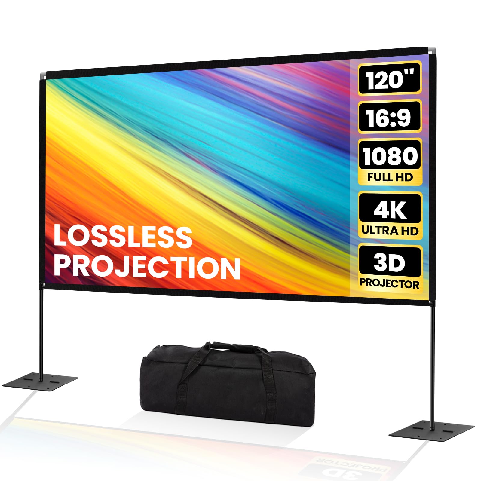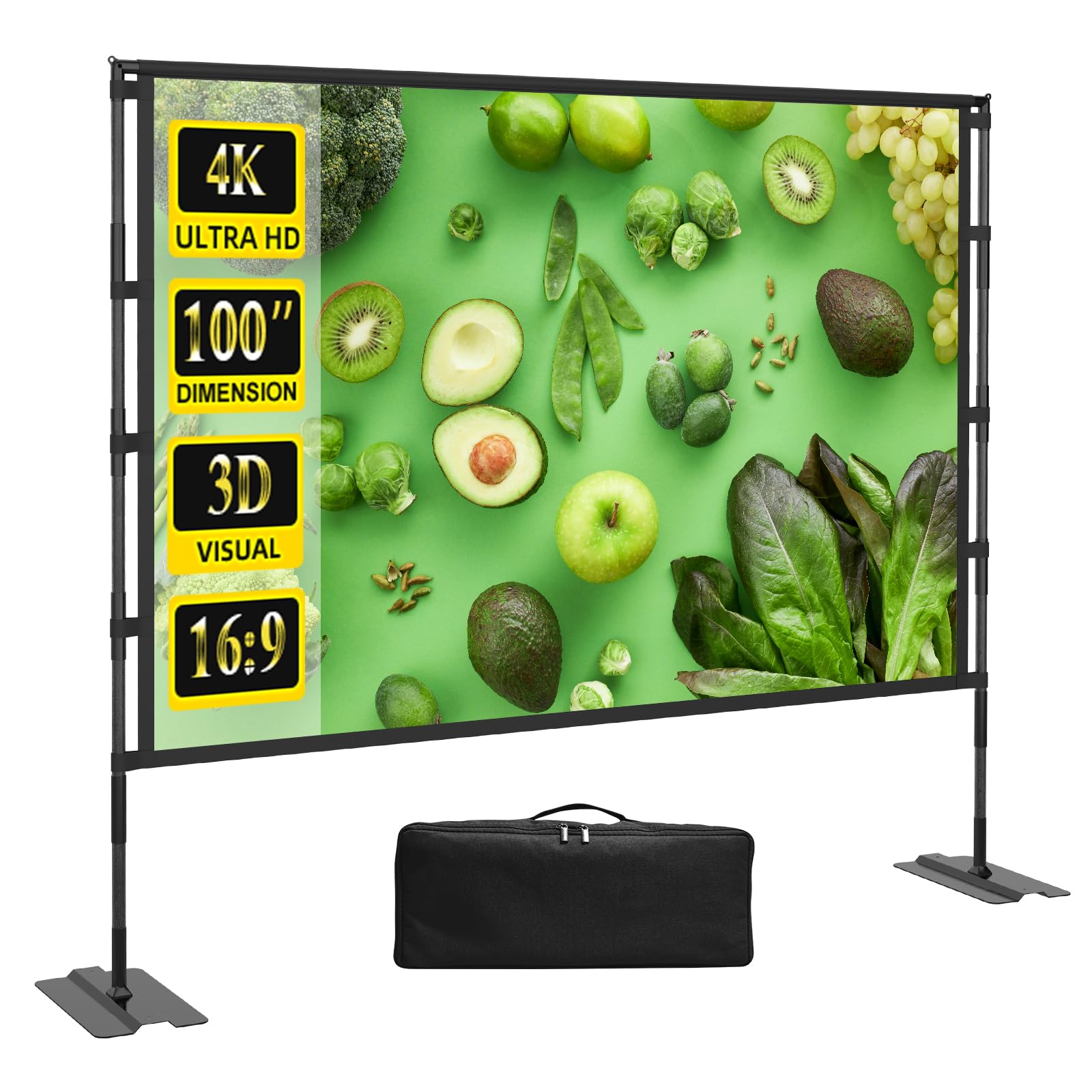 KHOMO GEAR Pantalla de proyector portátil, pantalla de proyector de 100 pulgadas con soporte, pantalla de proyector para exteriore
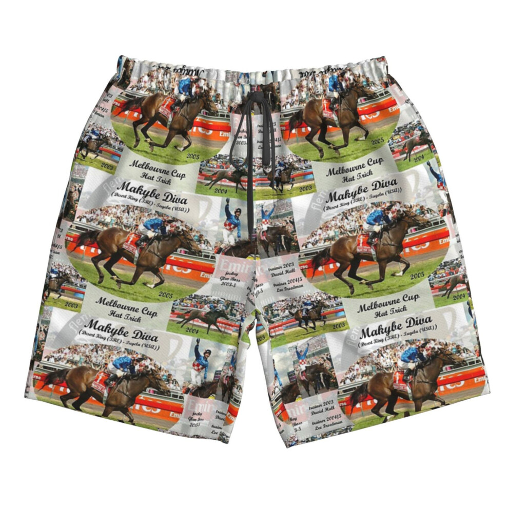 (Makybe Diva Melbourne Cup Hat Trick_7045) Famgem Men's Beach Shorts Hawaiian Swim Trunks with Pockets Quick Dry Board Swimwear Bathing Graphic Printe
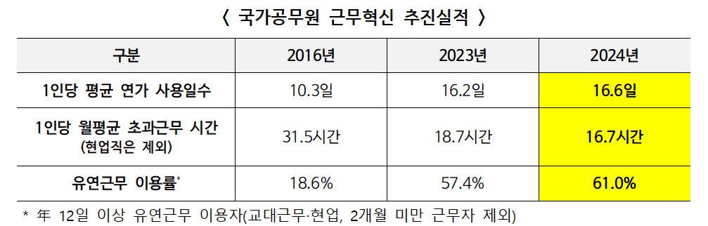 인사혁신처는 23일 ‘2024년 국가공무원 근무 혁신 추진실적’ 점검 결과를 발표하며, 유연근무 확산과 연가 활성화, 초과근무 감축 등 공무원 업무 방식의 혁신적 변화가 뚜렷하게 나타나고 있다고 밝혔다.
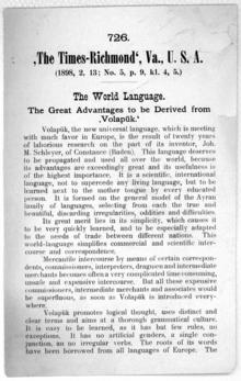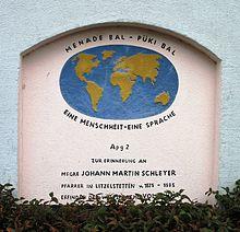 Volapük (/ˈvɒləpʊk/ in English;[2] [volaˈpyk] in Volapük) is a constructed language created between 1879 and 1880 by Johann Martin Schleyer, a Roman Catholic priest in Baden, Germany, who believed that God had told him in a dream to create an international language. Volapük conventions took place in 1884 (Friedrichshafen), 1887 (Munich) and 1889 (Paris). The first two conventions used German, and the last conference used only Volapük. In 1889, there were an estimated 283 clubs, 25 periodicals in or about Volapük, and 316 textbooks in 25 languages;[3] at that time the language claimed nearly a million adherents.[4] Volapük was largely displaced between late 19th and early 20th century by Esperanto.[5]
┄┄┄┄┄┄
● **What is needed**: When copying the listing, print each line exactly but leave out every picture.

● **Response to the task**:
 KHOMO GEAR Pantalla de proyector portátil, pantalla de proyector de 100 pulgadas con soporte, pantalla de proyector para exteriore
 (Makybe Diva Melbourne Cup Hat Trick_7045) Famgem Men's Beach Shorts Hawaiian Swim Trunks with Pockets Quick Dry Board Swimwear Bathing Graphic Printe
 인사혁신처는 23일 ‘2024년 국가공무원 근무 혁신 추진실적’ 점검 결과를 발표하며, 유연근무 확산과 연가 활성화, 초과근무 감축 등 공무원 업무 방식의 혁신적 변화가 뚜렷하게 나타나고 있다고 밝혔다.
 Volapük (/ˈvɒləpʊk/ in English;[2] [volaˈpyk] in Volapük) is a constructed language created between 1879 and 1880 by Johann Martin Schleyer, a Roman Catholic priest in Baden, Germany, who believed that God had told him in a dream to create an international language. Volapük conventions took place in 1884 (Friedrichshafen), 1887 (Munich) and 1889 (Paris). The first two conventions used German, and the last conference used only Volapük. In 1889, there were an estimated 283 clubs, 25 periodicals in or about Volapük, and 316 textbooks in 25 languages;[3] at that time the language claimed nearly a million adherents.[4] Volapük was largely displaced between late 19th and early 20th century by Esperanto.[5]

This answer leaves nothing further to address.